Presently pending before the Court is the defendants' motion to dismiss and for summary judgment (Docket Entry No. 22), to which the plaintiff has not filed a response.
By Order entered July 16, 2007 (Docket Entry No. 26), the plaintiff was notified of the motion and the need to respond. Upon the plaintiff's filing of a change of address notice (Docket Entry No. 27), the Order was resent to the plaintiff at the new address he provided.
By Order entered August 6, 2007 (Docket Entry No. 31), the Court granted the plaintiff's request for an extension of time to respond and gave the plaintiff until September 5, 2007, to respond.
For the reasons set out below, the Court recommends that the motion be granted and that this action be dismissed.
I. BACKGROUND
The plaintiff filed this action pro se and in forma pauperis on April 4, 2007. At the time, he was an inmate confined at the Davidson County Criminal Justice Center ("CJC"). He has subsequently been released from incarceration. See Docket Entry No. 29.The action is brought under 42 U.S.C. § 1983 against fourteen former or current employees of the CJC or of Corrections Corporation of America, Inc. ("CCA"), a private business which has contracted to administer and operate the CJC: Brian Gardner, O'Clyde Davis, Virgil Ensey, Audrey Fellingham, John Ferguson, Steven Garner, Joshua Hemshire, Joshua Hildagoss, Darrell Jones, Melanie Langford, Tarianna Pierce, Felipe Rodriguez, Dennis Smith, and Jerry Wardlow.

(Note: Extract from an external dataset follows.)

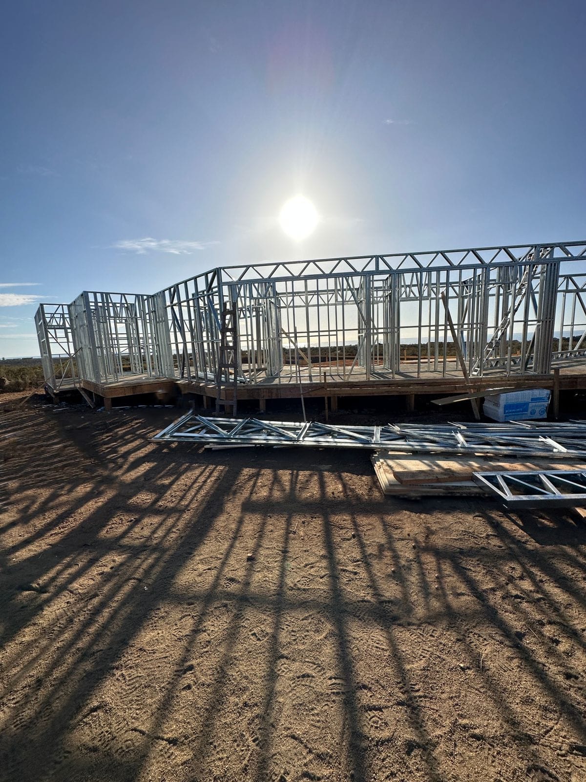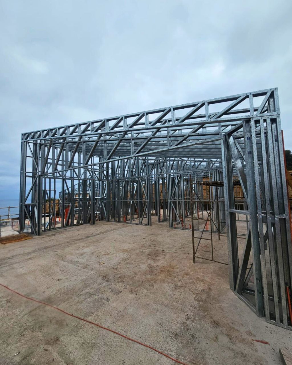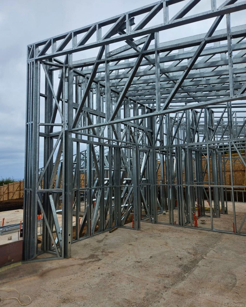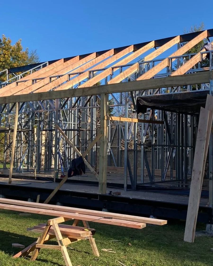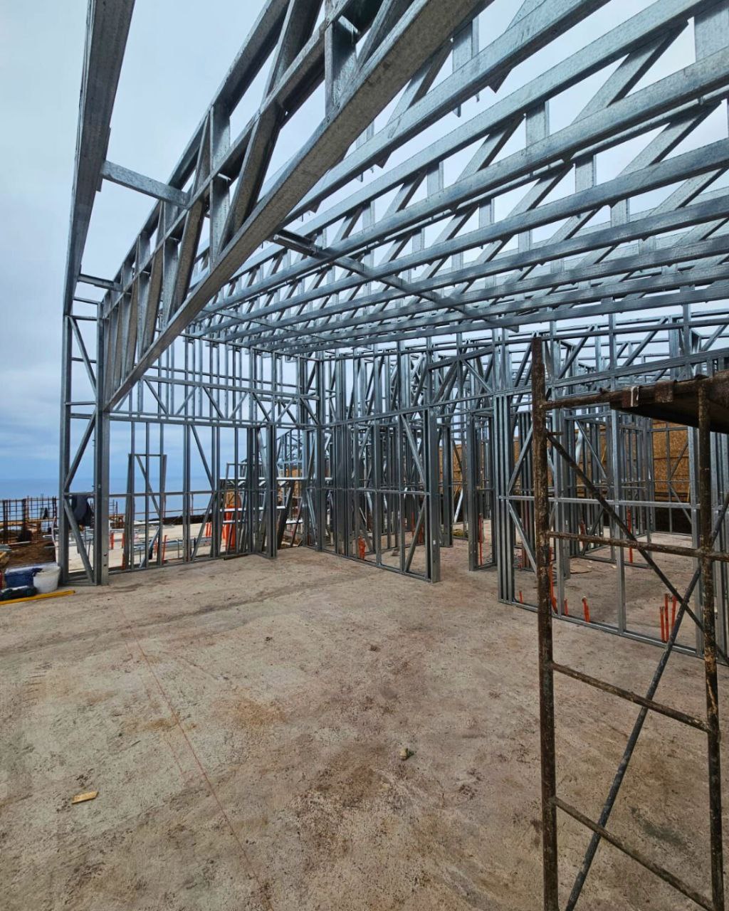 Este proyecto en Bucalemu corresponde a la primera etapa de una vivienda estructurada completamente en acero galvanizado tipo Steel Frame. La obra ya cuenta con la instalación de paneles exteriores con OSB y una cimentación elevada para protección contra humedad. Este tipo de construcción ofrece alta resistencia, menor tiempo de ejecución y eficiencia térmica y estructural, ideal para zonas costeras como Bucalemu. La estructura ya está lista para continuar con el proceso de cerramientos e instalaciones.

The plaintiff seeks compensatory and punitive damages for alleged violations of his constitutional rights.
The defendants' names are spelled as noted in the motion to dismiss rather than in the plaintiff's complaint.
The plaintiff's complaint is based upon events that occurred when he was being housed in administrative maximum security segregation at the CJC from August 2006 to February 2007. He raises four claims:
1. the inmates in segregation were not treated equally and CJC officials showed favoritism to some inmates, particularly those inmates who broke rules, created disturbances, and were difficult to control;
2. one defendant, Tarianna Pierce, used a racial epithet on one occasion when the plaintiff complained about the favoritism being shown to some inmates;
3. the failure of CJC officials to enforce the rules in the segregation unit and their favoritism toward unruly inmates created safety risks at the CJC; and
4. the plaintiff was not given a special food tray at the end of the Ramadan Islamic holiday when food trays were given to non-Muslim and other favorite inmates.

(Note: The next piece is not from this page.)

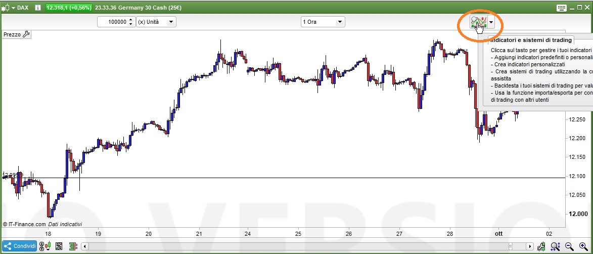 - nella finestra che si apre clicca nella parte sinistra su “indicatori”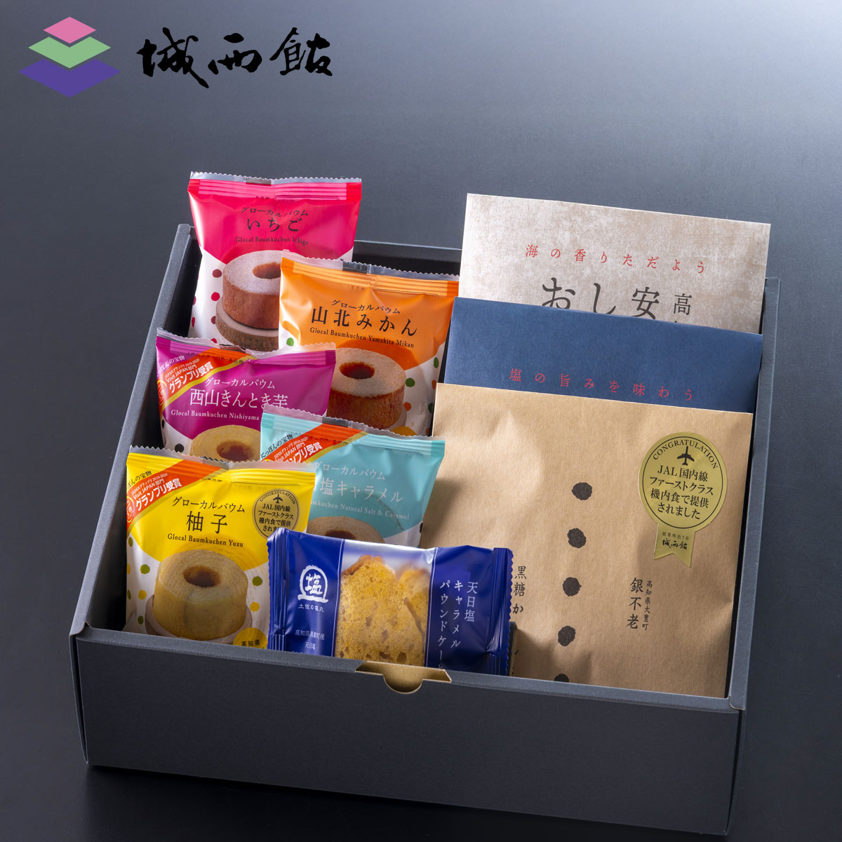 | 内容量 | 銀不老かりんとう 54g×1、天日塩おかき 54g×1、安芸市産おかき 54g×1、天日塩キャラメルパウンドケーキ×1 グローカルバウム5個(柚子、天日塩キャラメル、西山きんとき芋、山北みかん、いちご/各1個) |

Each of the defendants was served with process. In lieu of an answer, the defendants filed the pending dispositive motion.
II. MOTION TO DISMISS AND FOR SUMMARY JUDGMENT
By their motion to dismiss, the defendants contend that the plaintiff did not exhaust his administrative remedies as required under 42 U.S.C. § 1997e(a) prior to filing his lawsuit, fails to raise cognizable claims of constitutional deprivations in his complaint, does not show that he suffered a physical injury as required under 42 U.S.C. § 1997e(a) for claims seeking emotional or mental damages, and fails to make any factual allegations against defendant Dennis Smith despite naming him as a defendant.
The Plaintiff has not responded to the defendants' motion despite being given an extension of time to respond. See Docket Entry No. 31.
III. STANDARD OF REVIEW
In considering a motion for summary judgment, Rule 56(c) of the Federal Rules of Civil Procedure provides that summary judgment "shall be rendered forthwith if the pleadings, depositions, answers to interrogatories, and admissions on file, together with affidavits, if any, show that there is no genuine issue as to any material fact and the moving party is entitled to a judgment as a matter of law." In order to prevail on a motion for summary judgment, the moving party must demonstrate that no genuine issue of material fact exists and that judgment as a matter of law should be granted in the moving party's favor. Smith v. Hudson, 600 F.2d 60, 63 (6th Cir. 1979).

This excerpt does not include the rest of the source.